I will find a playlist that has a decent number of bands (e.g. [the Power Metal playlist](https://open.spotify.com/playlist/1cxAqhSGeWZ5vvQAitKpoJ?si=77f825b797cc4c7f) has XXX songs) by browsing Spotify manually, get the playlist id from the URL, and then use Spotify API to extract the band ids from all the bands on it.

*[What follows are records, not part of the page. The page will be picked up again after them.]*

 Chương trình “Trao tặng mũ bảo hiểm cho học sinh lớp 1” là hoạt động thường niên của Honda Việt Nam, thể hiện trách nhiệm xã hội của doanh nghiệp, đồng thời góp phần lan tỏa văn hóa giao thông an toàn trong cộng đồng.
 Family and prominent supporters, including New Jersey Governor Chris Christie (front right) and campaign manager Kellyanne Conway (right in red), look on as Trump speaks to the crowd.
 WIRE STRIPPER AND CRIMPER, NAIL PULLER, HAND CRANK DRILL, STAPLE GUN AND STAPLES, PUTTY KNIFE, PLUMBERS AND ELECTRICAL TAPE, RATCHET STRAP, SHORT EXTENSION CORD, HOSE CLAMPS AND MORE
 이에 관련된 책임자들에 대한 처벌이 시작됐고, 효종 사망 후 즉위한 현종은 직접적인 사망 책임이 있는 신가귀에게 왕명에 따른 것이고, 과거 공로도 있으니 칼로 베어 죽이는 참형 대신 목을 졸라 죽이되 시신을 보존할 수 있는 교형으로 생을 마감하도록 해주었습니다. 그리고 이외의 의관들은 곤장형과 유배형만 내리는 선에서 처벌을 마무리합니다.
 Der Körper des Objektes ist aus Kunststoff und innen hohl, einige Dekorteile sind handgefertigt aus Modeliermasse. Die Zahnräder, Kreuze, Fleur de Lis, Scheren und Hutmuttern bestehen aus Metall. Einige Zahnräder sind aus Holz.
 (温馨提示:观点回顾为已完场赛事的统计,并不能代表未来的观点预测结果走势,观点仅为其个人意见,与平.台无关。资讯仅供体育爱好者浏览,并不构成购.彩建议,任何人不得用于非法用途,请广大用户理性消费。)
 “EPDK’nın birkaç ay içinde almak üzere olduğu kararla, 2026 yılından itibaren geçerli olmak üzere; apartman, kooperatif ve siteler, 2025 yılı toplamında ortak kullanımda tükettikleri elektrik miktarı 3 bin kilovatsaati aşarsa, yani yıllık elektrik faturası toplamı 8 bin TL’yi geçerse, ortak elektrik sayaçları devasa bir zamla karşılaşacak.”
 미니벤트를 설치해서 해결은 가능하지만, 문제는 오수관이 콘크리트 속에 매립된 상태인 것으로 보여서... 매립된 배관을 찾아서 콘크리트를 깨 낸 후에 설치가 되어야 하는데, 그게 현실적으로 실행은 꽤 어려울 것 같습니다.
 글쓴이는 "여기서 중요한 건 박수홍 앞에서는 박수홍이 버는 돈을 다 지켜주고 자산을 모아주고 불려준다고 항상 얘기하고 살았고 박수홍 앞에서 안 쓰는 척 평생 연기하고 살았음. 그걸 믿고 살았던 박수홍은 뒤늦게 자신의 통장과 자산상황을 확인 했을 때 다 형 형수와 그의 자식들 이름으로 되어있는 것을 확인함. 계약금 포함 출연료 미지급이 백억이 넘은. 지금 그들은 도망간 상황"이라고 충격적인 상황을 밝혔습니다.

From here it is pretty simple to scrape the artwork from their discogs page.

In [2]:
# Initialize Spotify API

user_secrets = UserSecretsClient()
client_id = user_secrets.get_secret("SPOTIFY_CLIENT")
client_secret = user_secrets.get_secret("SPOTIFY_SECRET")
client_credentials_manager = SpotifyClientCredentials(client_id=client_id, client_secret=client_secret)
sp = spotipy.Spotify(client_credentials_manager=client_credentials_manager)

In [3]:
# Defining sub genres
genre_list = [
    'power metal'
    , 'black metal'
#     , 'death metal'
#     , 'thrash metal'
]

### Get Band Names

In [4]:
def get_artists_by_genre(genre, limit=50, pages=4):
    results = []

    for i in range(pages):
        results_page = sp.search(q=f'genre:"{genre}"', type='artist', limit=limit, offset=limit * i)
        results += results_page['artists']['items']

    return results

In [5]:
exclusion_lists = {
    'power metal': ['Accept', 'Amon Amarth', 'Children Of Bodom', 'Arch Enemy', 'Amorphis', 'Lordi', 'Equilibrium', 'Machinae Supremacy', 'Metal Church', 'Nevermore', 'X JAPAN', 'Queensrÿche', 'Stryper', 'Helloween', 'Mafumafu', 'Dimmu Borgir', 'Imperial Circus Dead Decadence', 'Savatage', 'Saxon', 'Moonspell', "Therion", 'Armored Saint', 'Sanctuary', 'Manilla Road'],
#     'death metal': ['Children of Bodom', 'Municipal Waste', 'DevilDriver', 'Exodus', 'Behemoth', 'Eluveitie', 'Kreator', 'Dimmu Borgir', 'Equilibrium', 'Scar Symmetry', 'Mercyful Fate', 'Æther Realm', 'Darkthrone', 'Dissection', 'Candlemass', 'Venom', 'Mors Principium Est', 'Slayer', 'Imperial Circus Dead Decadence', 'Toxic Holocaust', 'Belphegor', 'Ensiferum', 'Goatwhore', 'Gojira', 'In Flames', 'Children Of Bodom', 'Annihilator', 'Hypocrisy', 'Septicflesh', 'Sepultura', 'Havok', 'Sodom'],
#     'thrash metal': ['W.A.S.P.', 'Accept', 'Dying Fetus', 'Helloween', 'King Diamond', 'Armored Saint', 'Death Angel', 'At The Gates', 'Mercyful Fate', 'Decapitated', 'Iced Earth', 'Immortal', 'Bathory', 'Savatage', 'Venom', 'Nile', 'Metal Church', 'Anvil', 'Six Feet Under', 'Crimson Glory', 'Hellhammer', 'Cryptopsy', 'Immolation', 'Nevermore', 'Vader', 'Bloodbath', 'Possessed', 'Sanctuary', 'Manilla Road', 'Vicious Rumors', 'Sarcófago', 'Asphyx', 'Unleashed', 'Vital Remains', 'Grave', 'Incantation', 'Sinister', 'Deströyer 666', 'Cirith Ungol'],
    'black metal': ['Vader', 'Dystopia', 'Morbid Angel', 'Deicide', 'Entombed', 'Suffocation', 'Bloodbath', 'Gorguts', 'Hypocrisy', 'Immolation', 'Inferi', 'Cryptopsy', 'Dismember', "Therion", 'Sarcófago', 'Asphyx', 'Unleashed', 'Vital Remains', 'Grave', 'Incantation', 'Sinister']
}

In [6]:
# Step 3: Create hierarchy for each subgenre

genre_data = {}

try:
    rmtree('data')
except FileNotFoundError:
    pass
path = Path('data')
path.mkdir(exist_ok=True, parents=True)

for subgenre in genre_list:
    output_dir = os.path.join('data', subgenre.replace(' ', '_'))
    if not os.path.exists(output_dir):
        os.makedirs(output_dir)

for genre in genre_list:
    results = get_artists_by_genre(genre)
    genre_data[genre] = [artist['name'] for artist in results if artist['name'] not in exclusion_lists.get(genre, [])]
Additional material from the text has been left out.